On average, indoor cats live to 15 years old with a standard deviation of 2.3 years. Suppose that the distribution is normal. Let $\mathrm{X}=$ the age at death of a randomly selected indoor cat. Round answers to 4 decimal places where possible.
b. Find the probability that an indoor cat dies when it is between 10.7 and 13.1 years old.

Step 1 ：Given that the average lifespan of indoor cats is 15 years with a standard deviation of 2.3 years, we are asked to find the probability that an indoor cat dies when it is between 10.7 and 13.1 years old. We assume that the distribution is normal.

Step 2 ：First, we need to calculate the z-scores for the ages 10.7 and 13.1 years. The z-score is a measure of how many standard deviations an element is from the mean. The formula for calculating the z-score is \(Z = \frac{X - \mu}{\sigma}\), where \(X\) is the value from the dataset, \(\mu\) is the mean and \(\sigma\) is the standard deviation.

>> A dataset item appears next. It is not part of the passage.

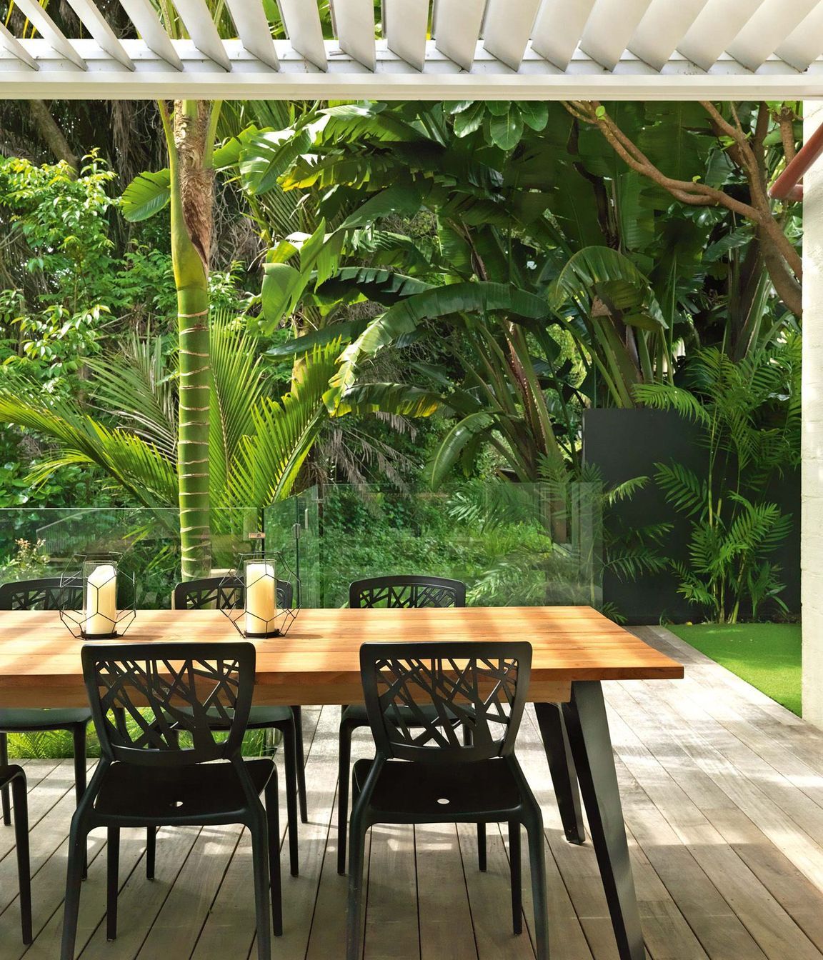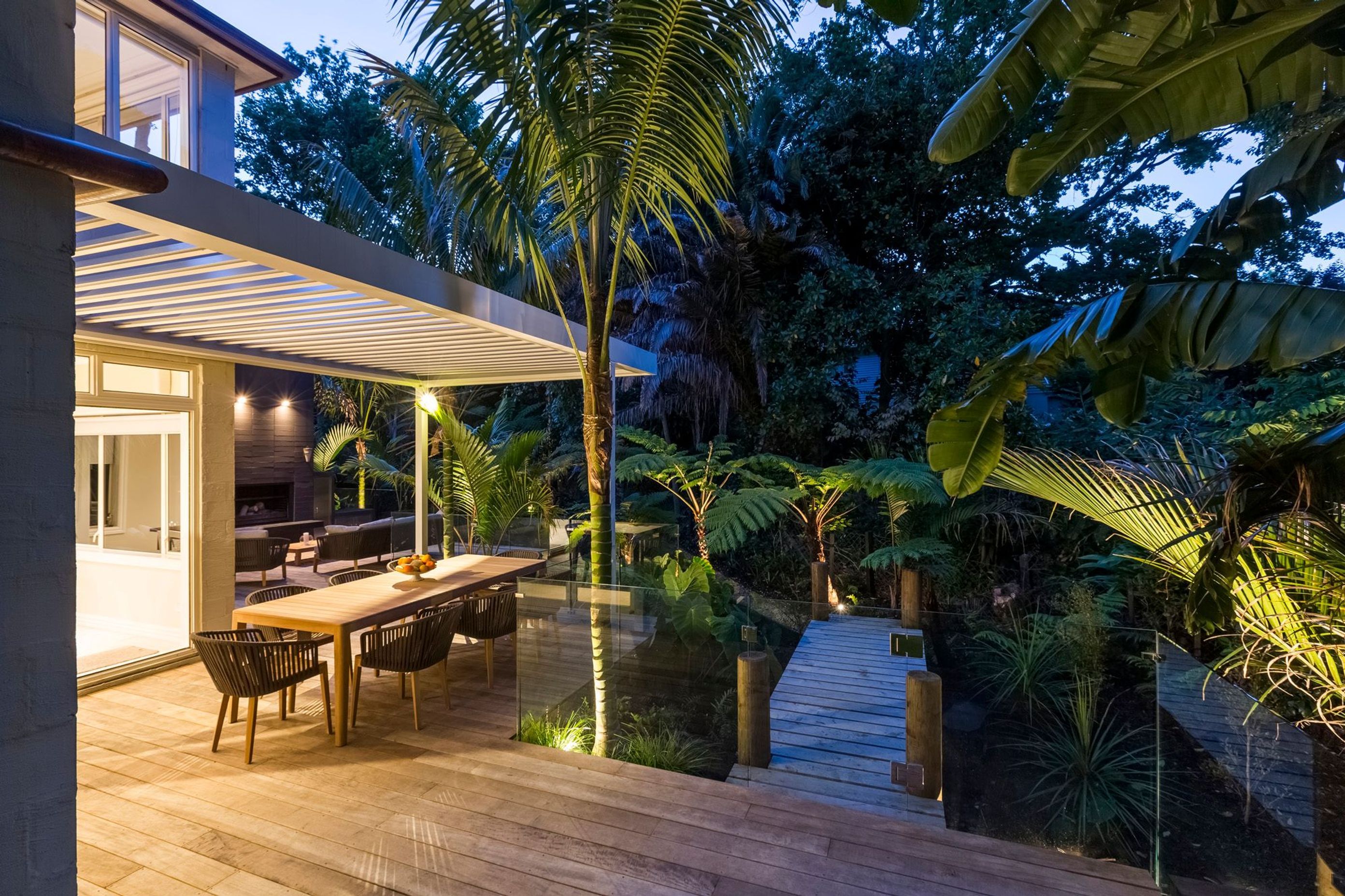 ArchiPro Project Summary - Transforming a challenging site into a tropical oasis for family living, featuring enhanced outdoor spaces, a louvre roof for sheltered entertainment, and a striking feature bridge, all while maximizing natural vistas and child-friendly play areas.

Step 3 ：Substituting the given values into the formula, we get \(Z_1 = \frac{10.7 - 15}{2.3} = -1.8696\) and \(Z_2 = \frac{13.1 - 15}{2.3} = -0.8261\).

Step 4 ：Next, we use the standard normal distribution table or a function that gives the cumulative distribution function to find the probabilities corresponding to these z-scores. The probabilities we get are 0.0308 and 0.2044 respectively.

Step 5 ：The probability that an indoor cat dies when it is between 10.7 and 13.1 years old is the difference between these two probabilities. So, the probability is \(0.2044 - 0.0308 = 0.1736\).

Step 6 ：Final Answer: The probability that an indoor cat dies when it is between 10.7 and 13.1 years old is approximately \(\boxed{0.1736}\).